COLLECTED MATERIAL:
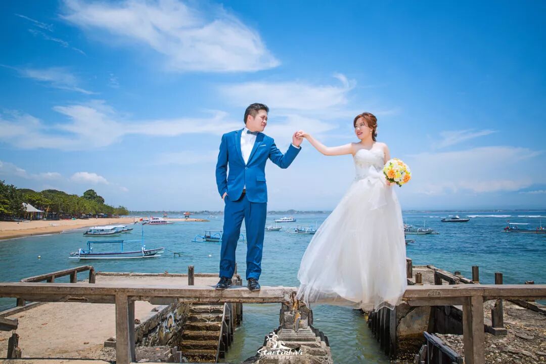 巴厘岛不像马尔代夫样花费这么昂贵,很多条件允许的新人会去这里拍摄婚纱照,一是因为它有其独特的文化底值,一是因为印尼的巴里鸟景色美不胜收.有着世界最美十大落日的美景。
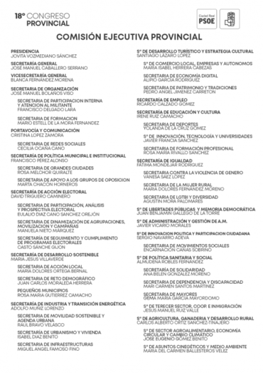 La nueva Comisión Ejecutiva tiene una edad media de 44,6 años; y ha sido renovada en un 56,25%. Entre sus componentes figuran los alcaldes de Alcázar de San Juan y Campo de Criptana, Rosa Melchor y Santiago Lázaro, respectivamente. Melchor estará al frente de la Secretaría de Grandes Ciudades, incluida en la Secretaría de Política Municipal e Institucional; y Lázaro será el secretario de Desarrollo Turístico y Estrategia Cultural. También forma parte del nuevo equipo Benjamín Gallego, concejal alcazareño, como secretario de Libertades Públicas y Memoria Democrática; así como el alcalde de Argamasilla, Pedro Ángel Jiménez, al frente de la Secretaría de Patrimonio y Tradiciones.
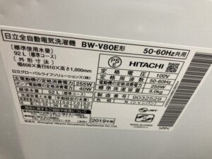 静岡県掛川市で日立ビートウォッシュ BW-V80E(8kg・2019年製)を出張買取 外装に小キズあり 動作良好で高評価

EXERCISE AIM:
Exactly the lines from the one containing "La nueva Comisión" through the last line of the material above, both included and free of pictures, should make up your answer, please.

THE COMPLETED TASK:
 La nueva Comisión Ejecutiva tiene una edad media de 44,6 años; y ha sido renovada en un 56,25%. Entre sus componentes figuran los alcaldes de Alcázar de San Juan y Campo de Criptana, Rosa Melchor y Santiago Lázaro, respectivamente. Melchor estará al frente de la Secretaría de Grandes Ciudades, incluida en la Secretaría de Política Municipal e Institucional; y Lázaro será el secretario de Desarrollo Turístico y Estrategia Cultural. También forma parte del nuevo equipo Benjamín Gallego, concejal alcazareño, como secretario de Libertades Públicas y Memoria Democrática; así como el alcalde de Argamasilla, Pedro Ángel Jiménez, al frente de la Secretaría de Patrimonio y Tradiciones.
 静岡県掛川市で日立ビートウォッシュ BW-V80E(8kg・2019年製)を出張買取 外装に小キズあり 動作良好で高評価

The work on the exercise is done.